**EXERCISE PROMPT:** Read through the entries below and return each line with the word "view".

**DATASET EXCERPTS:**
☆ ☆ ☆ ☆ ☆ ☆ ☆

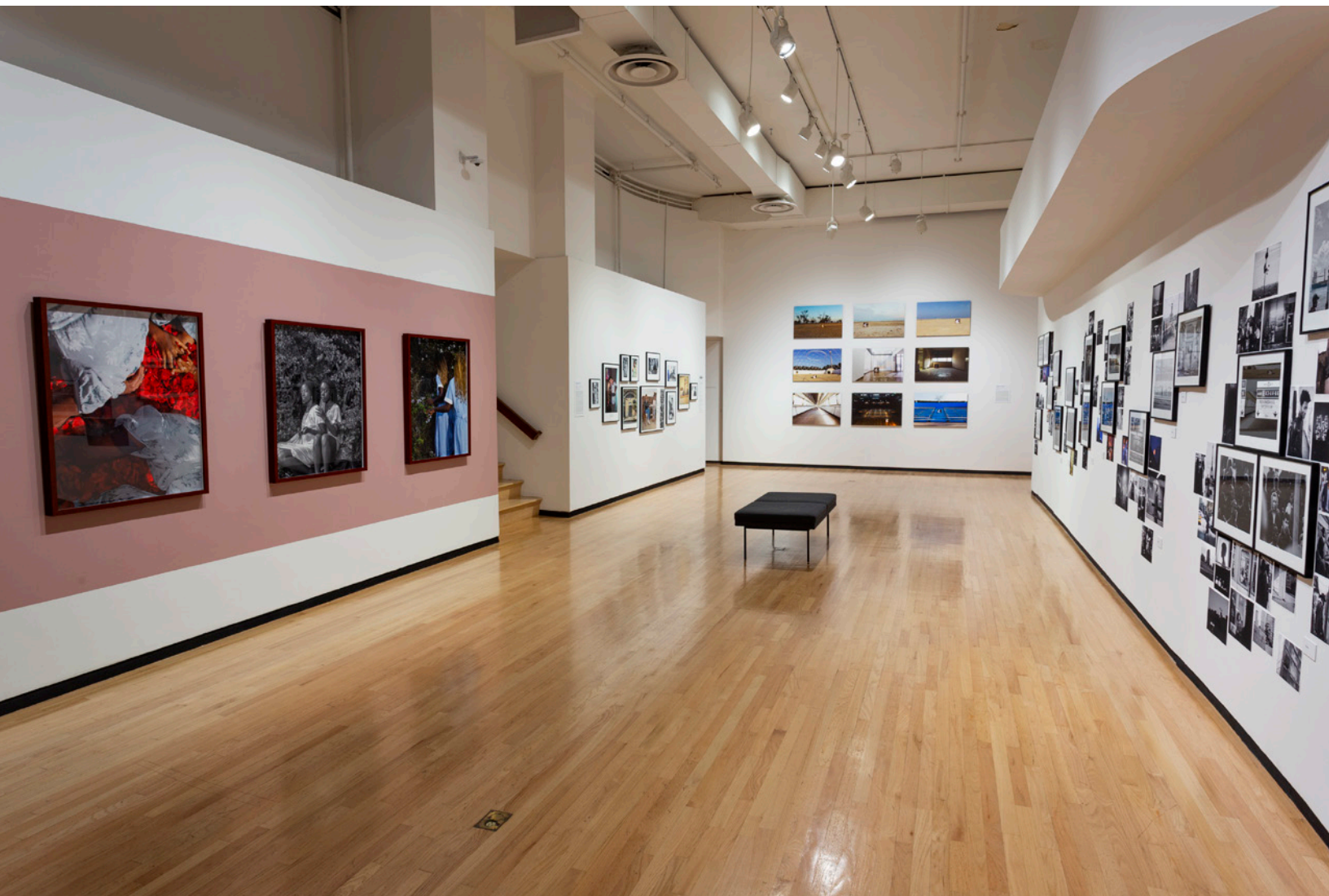
Installation view of Beautiful Diaspora/You Are Not the Lesser Part , MoCP, March 2022

Based on the themes in the MoCP exhibition Beautiful Diaspora/You Are Not the Lesser Part , this section of Arts, Activism, Policy, Power challenges students to broaden ways people are categorized or separated based on their nation, state, or cultural backgrounds. Students will engage with two artists in the exhibition who shun the label “minority,” and use photography to add visual presence to stories that fall outside of conventional representations of any one place or identity. This framework was built to encourage students to harness the power of self-authorship, while outlining ways that photography can be used as a tool to broaden preconceived notions of identity or belonging.
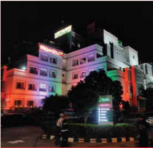
Fortis Hospital, Vasant Kunj, New Delhi
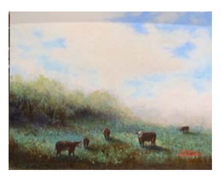
You Coming? Original Oil, Rose Green 2023
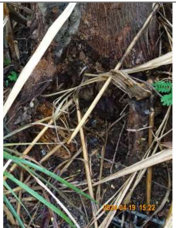
T017 – Closer view
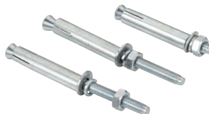
Wall Expansion Bolts

For use with square steel & wall mounted brackets.
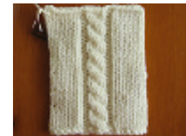
Level 1 swatch example

A 2-4 page report on Blocking and Care of Hand Knits, nineteen knitted swatches, eight gauge calculations, twenty-two questions to research and answer, and one mitten.

☆ ☆ ☆ ☆ ☆ ☆ ☆

**RESPONSE TO THE EXERCISE:**
Installation view of Beautiful Diaspora/You Are Not the Lesser Part , MoCP, March 2022
T017 – Closer view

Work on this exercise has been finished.